Left: Small Penalty (p=200) | Center: Medium Penalty (p=500) | Right: Large Penalty (p=1000)

Part 2: Model Compression

First we trained a single network, using the approach from above, with 50% sparsity and saved the weights. The next task was to find a library that would support sparse convolution, which was extremely challenging. We originally wanted the computations to be performed on CPU, but we were not able to find any that would work on our available machines. As a result, we ended up using [10], which is only built for GPU's with CUDA support. Next, we tested the previously saved weights in a network with the architecture from [1] but now replaced all convolution ops with a the new sparse convolution op. In doing this we found that the there were two errors.
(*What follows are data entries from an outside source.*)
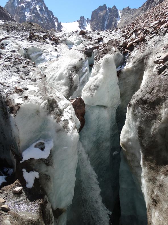 But now we know that all more or less great rivers of Semirech’ye are thoroughly replenished from the melting mountain ice. As a rule, glaciers get their names from a peak which slopes they slide down. Thus, among Malaya Almatinka glaciers that can be seen from streets of Almaty there are glaciers of Ordzhonikidze, Tuyuksu, Pogrebetskiy, Molodezhnyi, etc.
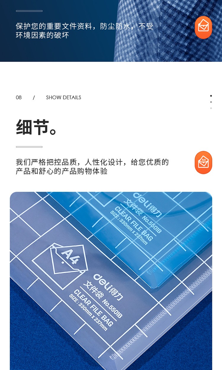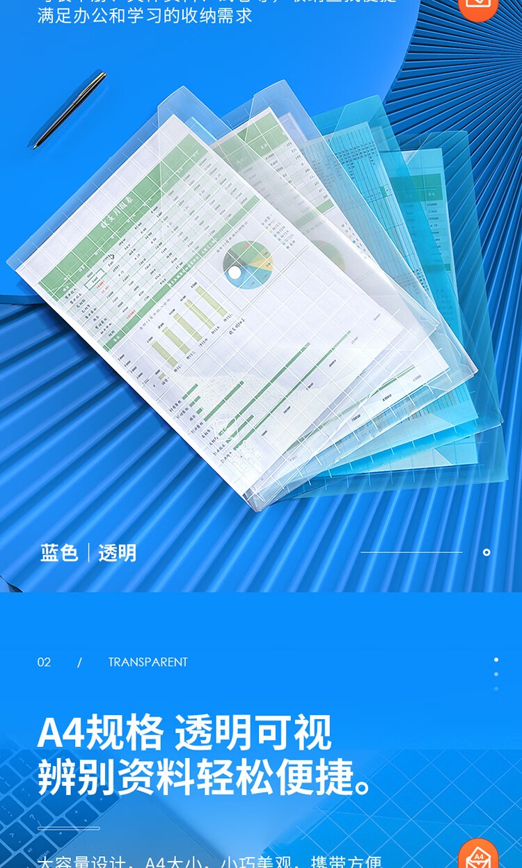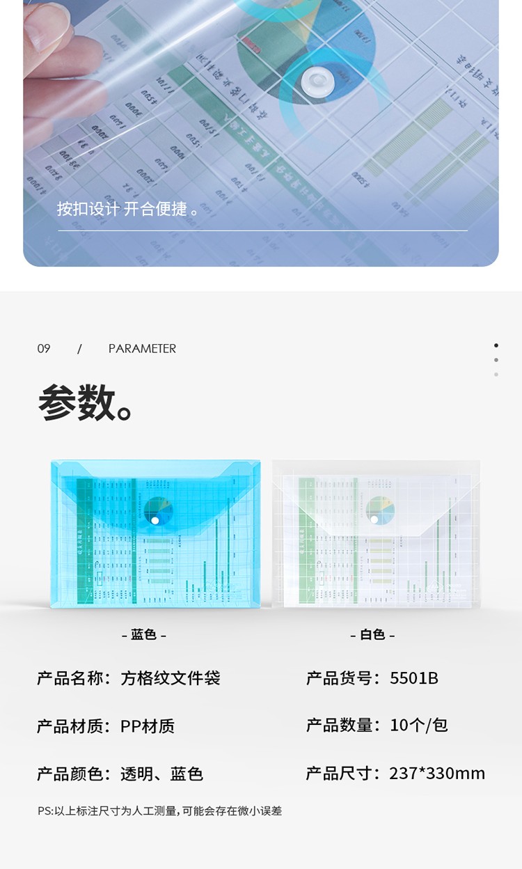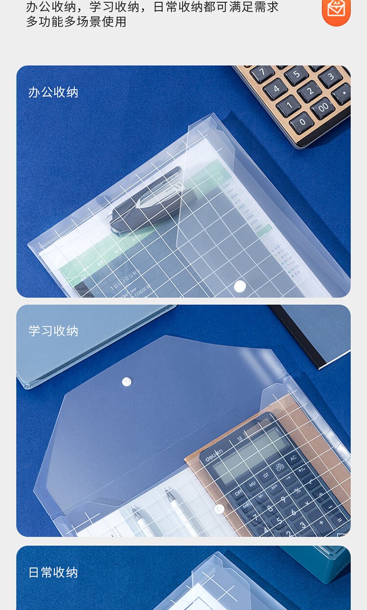 得力/deli 5501B 文件袋 10只A4加厚透明文件袋 按扣资料袋
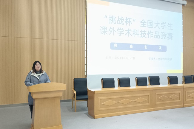 为帮助学生全面了解“挑战杯”赛事,激发学生参与创新创业类竞赛热情,提升学生在“挑战杯”竞赛中的竞争力,11月27日下午,会计系在高淳校区第二报告厅举办“挑战杯”备赛指导讲座暨经验分享会。本次活动邀请会计系万敏老师作指导,会计2260班赵睿同学作交流分享。活动由会计系学生会学业素拓部负责人于昕月主持。
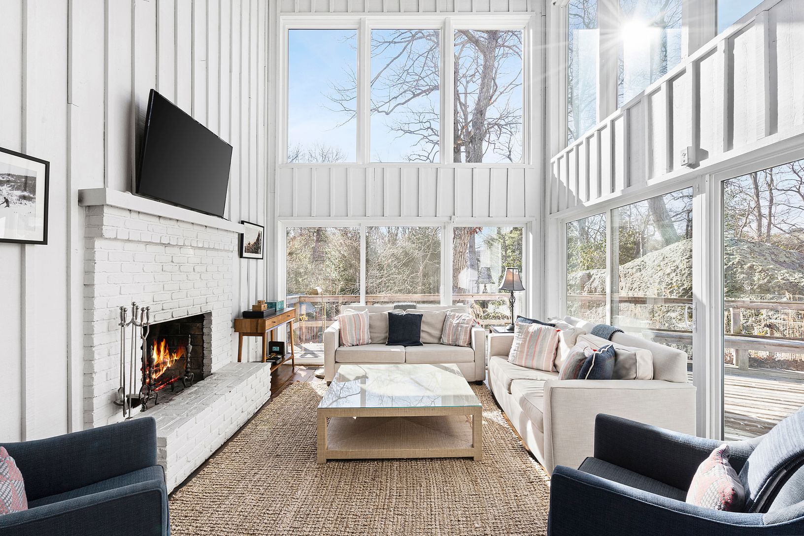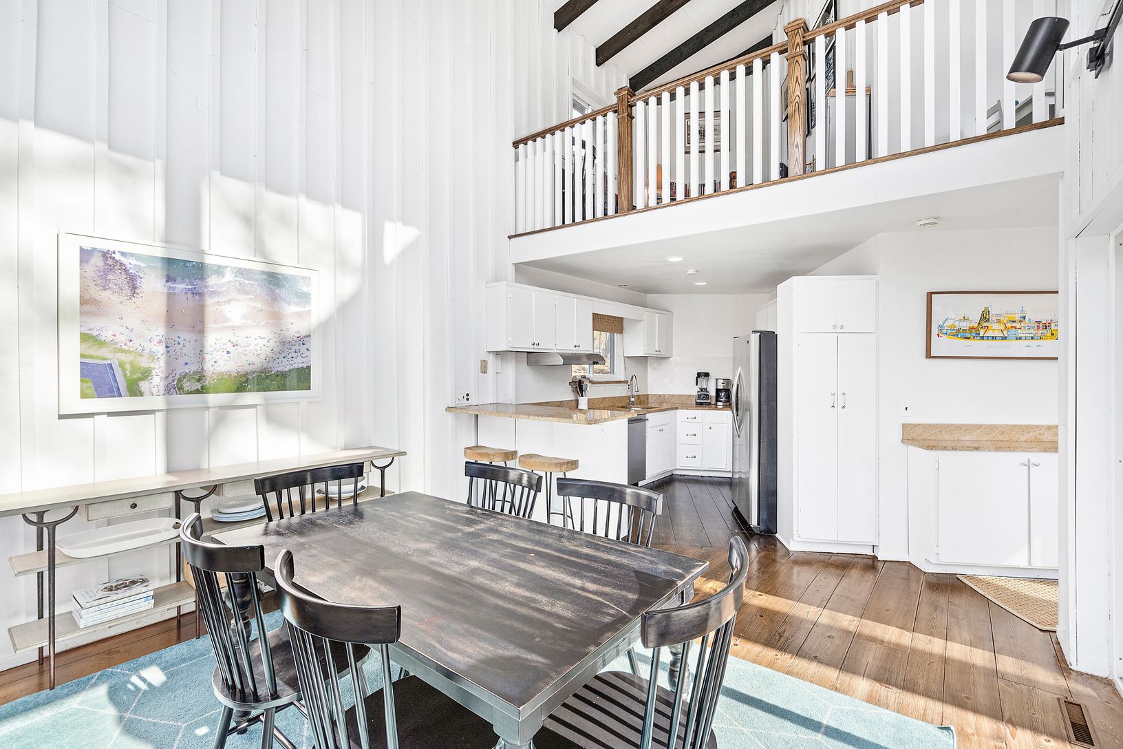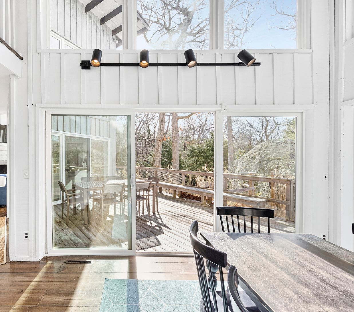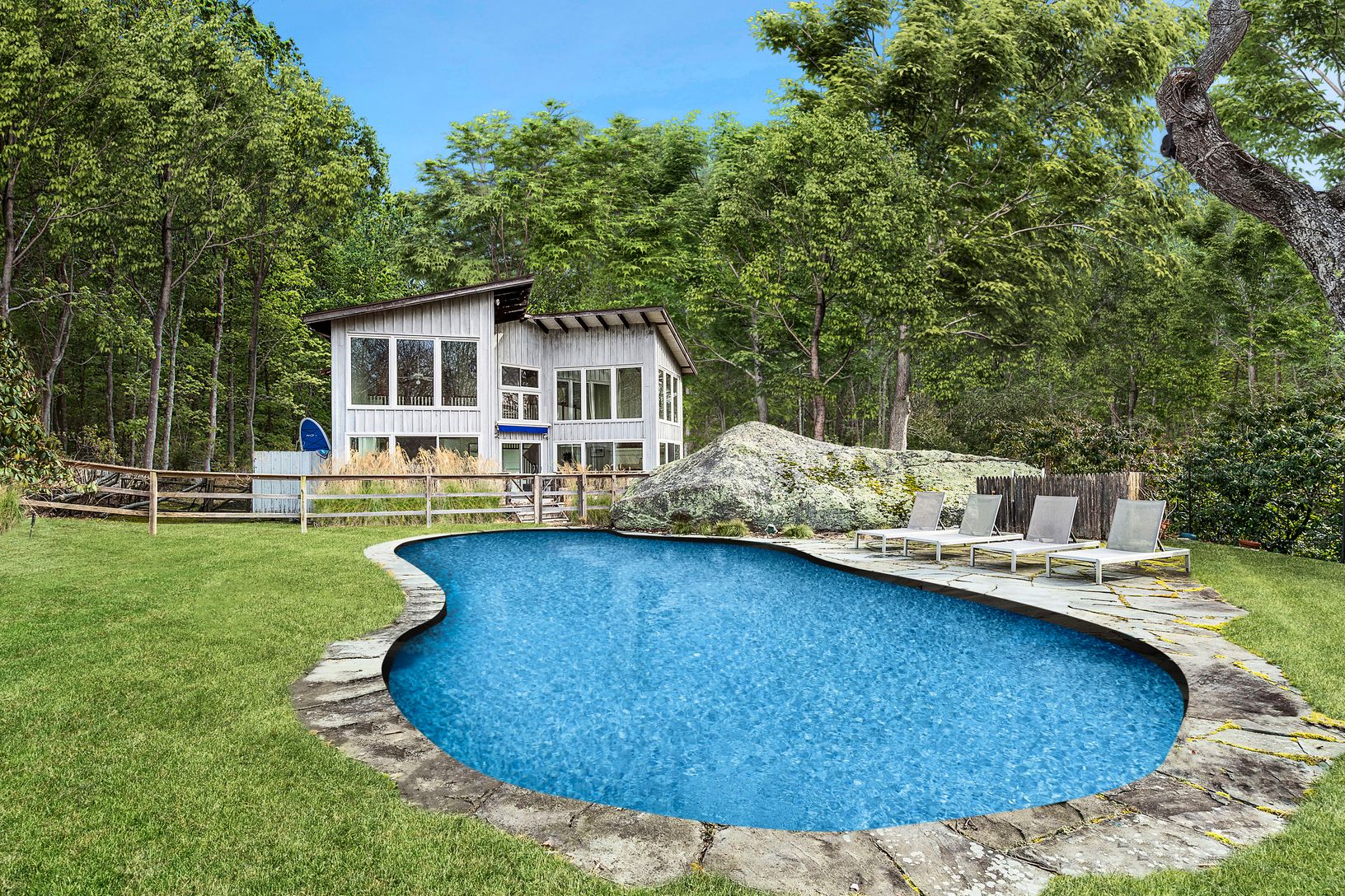 On top of a hill near Three Mile Harbor sits this 4-bedroom home, located on a quiet street in East Hampton’s sought-after Settlers Landing neighborhood. This South-facing modern beach house is one of the most architecturally interesting homes in the area, featuring one of the largest boulders on Long Island! The contemporary design features towering walls of double-height glass on almost all exposures, flooding the space with sunlight. The fi

The first is issues with memory allocation for larger input images. The second is that the sparse convolution op is actually slower for smaller filters sizes i.e. the 3x3 ones. Given both of these issues, we decided to create a hyrbid architecture that used tensorflows built in convolution for all layers except the first and last ones that are 9x9. Next, we trained models with sparsity contraints of 70%, 90%, and 95%. We then gathered information on the speed of inference by inputting square images ranging form 240x240 to 1440x1440. We calculated these times by using 20 frames to warmp up the GPU, then perform inference. The following are the results from our test.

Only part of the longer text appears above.